Richard, after finding out what was happening, added: "I said, 'what the hell are you doing mum?'

And she said, 'it's to help his sick son'.

"I told her it had to stop." Within weeks Richard had found receipts showing his mum had been asked to send money to UK addresses in Leeds and London.

He claims to have told police and urged them to investigate, but says he was told his mum had chosen to send the money, so there was nothing they could do.

Richard added: "The whole situation with my mum was having an effect on my relationships, I'd hit rock bottom with it.

"I was doing everything I could to stop what was happening but it felt like I was just banging my head against a brick wall." Richard tried to get things under control by taking hold of her financial affairs, however, he went on holiday and returned to find she had reversed everything.

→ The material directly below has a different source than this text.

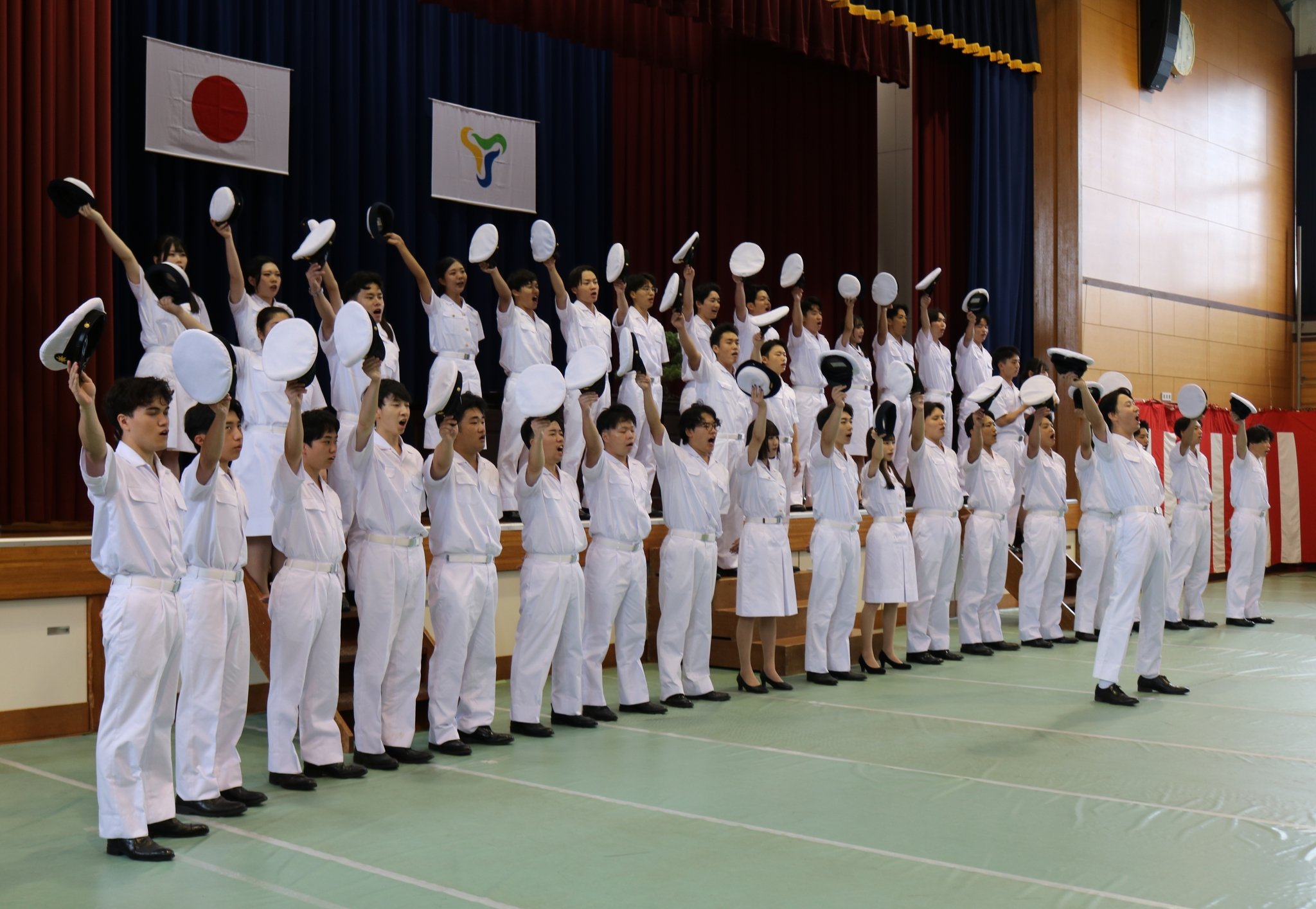 登しょう礼では、真っ白な制服を着た卒業生が帽子を誇らしげに投げていた。

He said: "By that point my mum was brainwashed." Richard said he had to remove himself from the situation for mental health reasons and that he didn't speak to his mum for a few months.

When they got back in touch at the end of 2020, he said: "Mum was in really poor health and the house was in a terrible state.

"All she was interested in was this man, she was constantly online talking to him.

"I was looking at my mum and it was like looking at a blank page, all these people had to do was click their fingers and she would do anything." He added: "I saw her account and there was another £5,000 missing but she denied still talking to him.

"It hurt to be constantly lied to." Richard said he went to see his mum days before she died in May this year and that she looked in terrible health.

He added: "She didn't have a tea or coffee in three hours and she'd normally have one every 20 minutes.

"I could tell she wasn't taking her tablets or drinking and said that I would get in touch with the doctor." Just two days later Richard received news that his mum had been rushed to hospital with cellulitis, and within hours that she had died from multiple organ failure.

He said: "We went to the hospital to see her and when we walked in her phone was ringing on FaceTime.

"I answered and it was a black man in his 30s asking for Elaine, I said 'she's dead, you killed her', and put the phone down." Richard then discovered his mum died with only £120 to her name.

And he later found a wedding dress and two rings in her bedroom.

She had sent pictures of herself wearing the dress to the scammers.

Richard said: "I think my mum knew that the game was up and gave in.

She instigated her own death in my opinion." He added: "I want to speak out about what happened to my mum to try and prevent the same thing from happening to anyone else.

"These scammers are so horrible and nasty, they ruin people's lives, they ruined my mum's life."